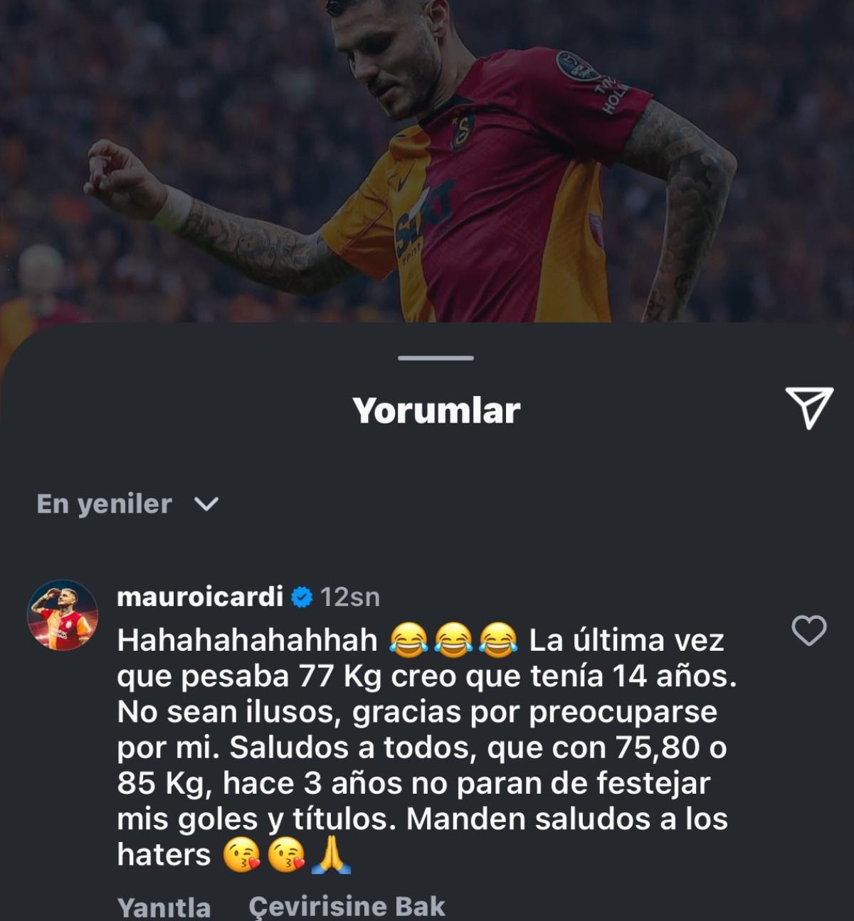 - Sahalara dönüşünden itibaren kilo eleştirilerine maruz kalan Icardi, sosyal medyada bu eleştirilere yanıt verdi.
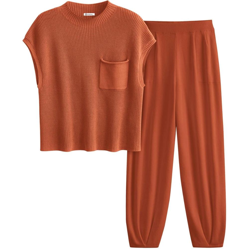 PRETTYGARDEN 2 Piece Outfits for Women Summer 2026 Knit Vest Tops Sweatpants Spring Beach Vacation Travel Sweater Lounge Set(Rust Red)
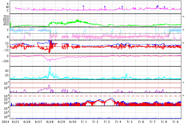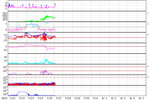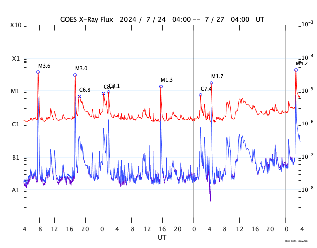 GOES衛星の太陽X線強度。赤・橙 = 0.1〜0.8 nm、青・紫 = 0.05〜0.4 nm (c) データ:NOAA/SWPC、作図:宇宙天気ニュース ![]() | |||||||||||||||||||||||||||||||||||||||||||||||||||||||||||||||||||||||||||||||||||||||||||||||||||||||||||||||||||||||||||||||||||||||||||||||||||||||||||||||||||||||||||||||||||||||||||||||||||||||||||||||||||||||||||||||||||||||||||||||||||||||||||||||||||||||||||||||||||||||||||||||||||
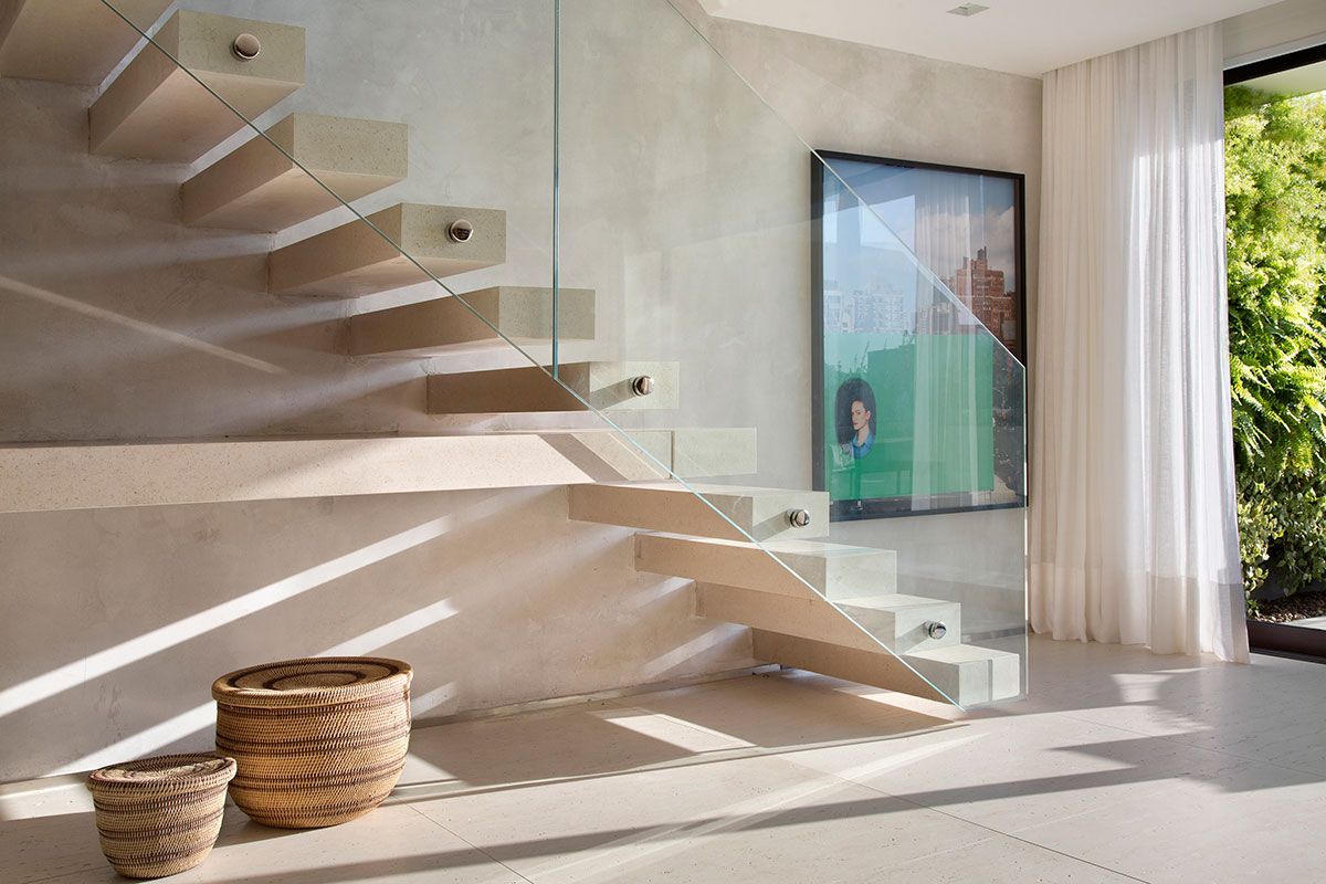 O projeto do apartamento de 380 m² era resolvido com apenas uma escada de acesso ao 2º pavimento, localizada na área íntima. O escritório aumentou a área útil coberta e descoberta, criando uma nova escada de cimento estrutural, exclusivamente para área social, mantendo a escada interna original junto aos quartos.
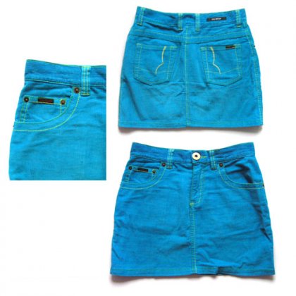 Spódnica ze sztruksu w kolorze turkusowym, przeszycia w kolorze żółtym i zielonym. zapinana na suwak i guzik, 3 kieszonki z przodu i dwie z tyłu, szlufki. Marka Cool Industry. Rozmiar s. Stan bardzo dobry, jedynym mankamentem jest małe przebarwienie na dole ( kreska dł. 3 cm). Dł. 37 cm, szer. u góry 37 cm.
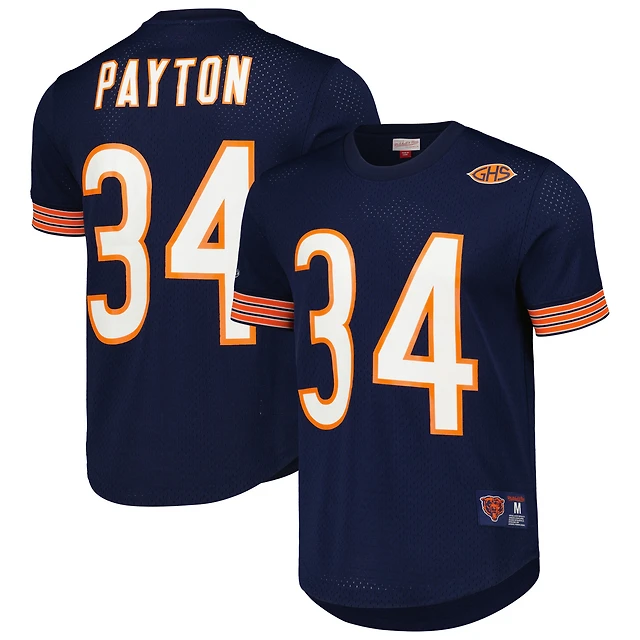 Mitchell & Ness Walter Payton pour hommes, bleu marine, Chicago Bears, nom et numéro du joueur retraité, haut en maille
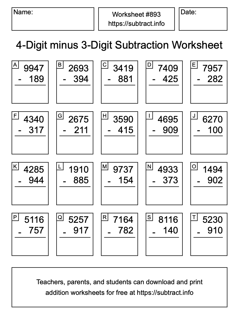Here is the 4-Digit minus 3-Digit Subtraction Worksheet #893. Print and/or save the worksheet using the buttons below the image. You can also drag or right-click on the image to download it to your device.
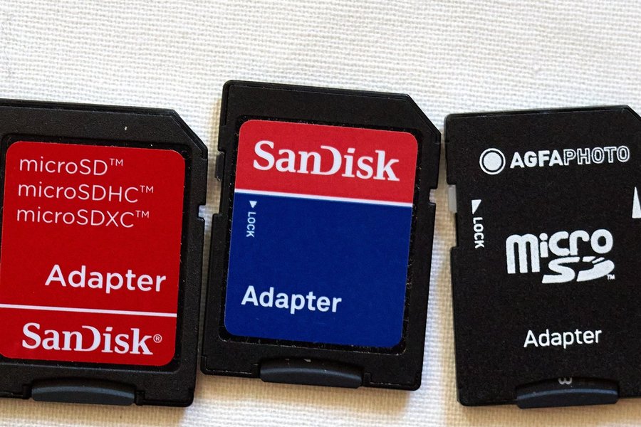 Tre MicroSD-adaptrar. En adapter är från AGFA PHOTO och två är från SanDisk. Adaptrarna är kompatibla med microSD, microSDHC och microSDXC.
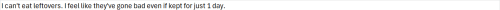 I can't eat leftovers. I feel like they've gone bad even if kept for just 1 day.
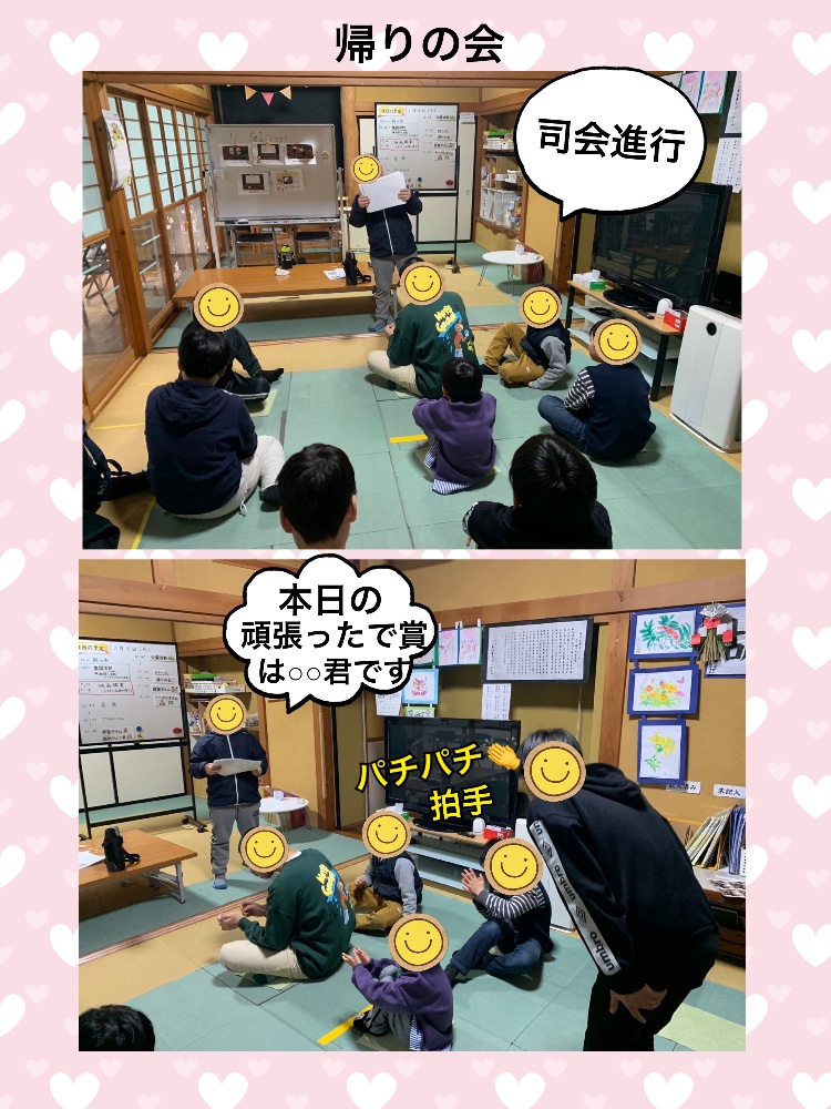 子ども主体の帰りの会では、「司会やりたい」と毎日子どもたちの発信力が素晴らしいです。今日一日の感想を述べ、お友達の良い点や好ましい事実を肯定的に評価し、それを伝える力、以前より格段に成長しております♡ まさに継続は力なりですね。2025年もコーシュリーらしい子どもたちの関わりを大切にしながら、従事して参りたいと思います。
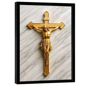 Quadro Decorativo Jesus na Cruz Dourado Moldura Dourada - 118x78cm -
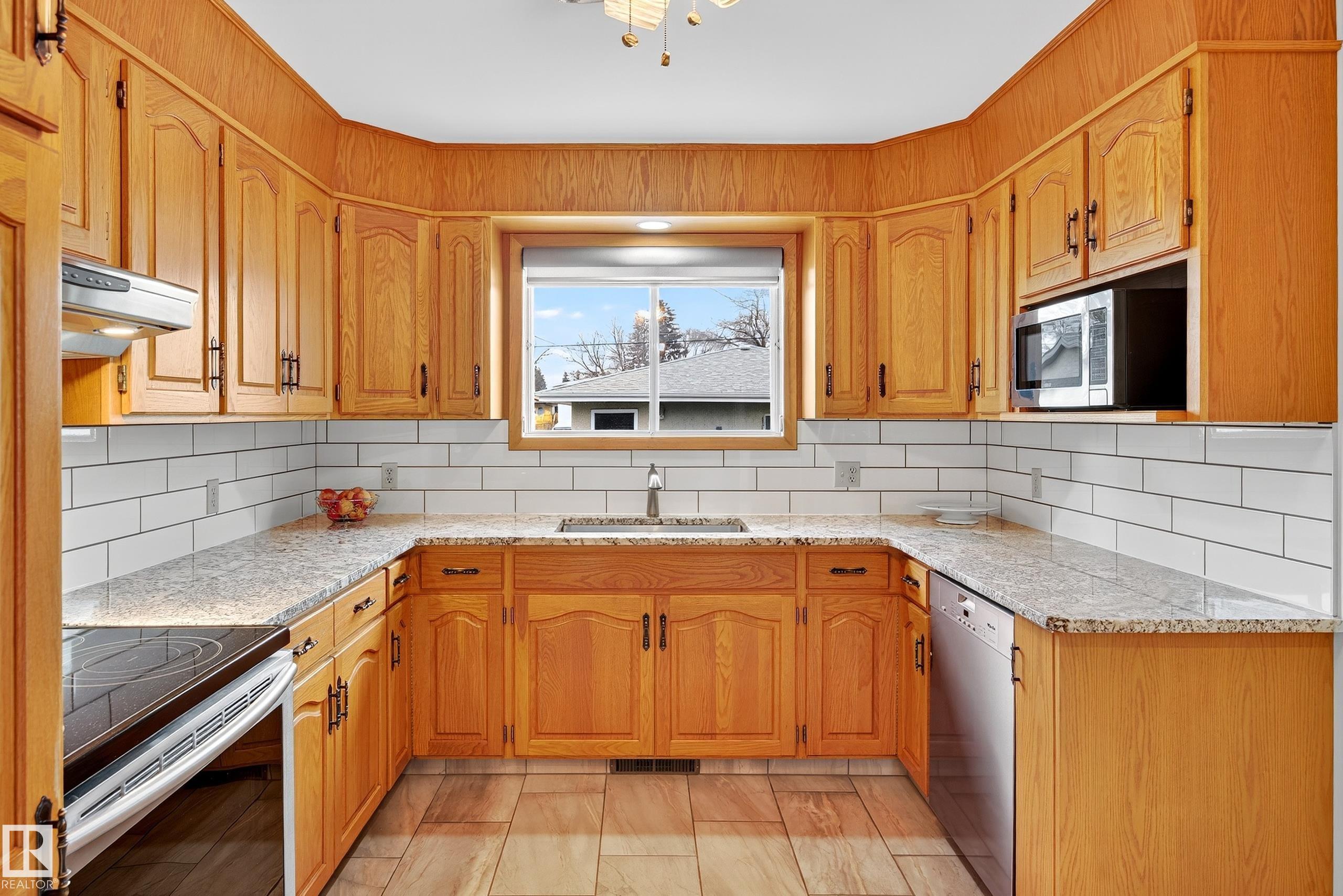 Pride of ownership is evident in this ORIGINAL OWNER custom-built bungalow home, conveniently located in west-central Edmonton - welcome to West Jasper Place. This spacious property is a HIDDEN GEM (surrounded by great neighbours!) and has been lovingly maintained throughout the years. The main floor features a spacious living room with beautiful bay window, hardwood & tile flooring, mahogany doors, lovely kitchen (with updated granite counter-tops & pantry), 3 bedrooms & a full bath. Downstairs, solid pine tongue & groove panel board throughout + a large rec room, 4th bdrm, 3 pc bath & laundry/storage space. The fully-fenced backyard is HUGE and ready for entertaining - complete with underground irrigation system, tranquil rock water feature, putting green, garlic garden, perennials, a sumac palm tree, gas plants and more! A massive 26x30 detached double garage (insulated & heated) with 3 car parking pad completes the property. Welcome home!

-.-.-

-- WHAT TO PRODUCE --
In the listing above, find the line with "I can't eat" and output it and every line after it up to and including the line with "子ども主体の帰りの会では、「", exactly, minus the pictures.

-- REPLY TO THE TASK --
 I can't eat leftovers. I feel like they've gone bad even if kept for just 1 day.
 子ども主体の帰りの会では、「司会やりたい」と毎日子どもたちの発信力が素晴らしいです。今日一日の感想を述べ、お友達の良い点や好ましい事実を肯定的に評価し、それを伝える力、以前より格段に成長しております♡ まさに継続は力なりですね。2025年もコーシュリーらしい子どもたちの関わりを大切にしながら、従事して参りたいと思います。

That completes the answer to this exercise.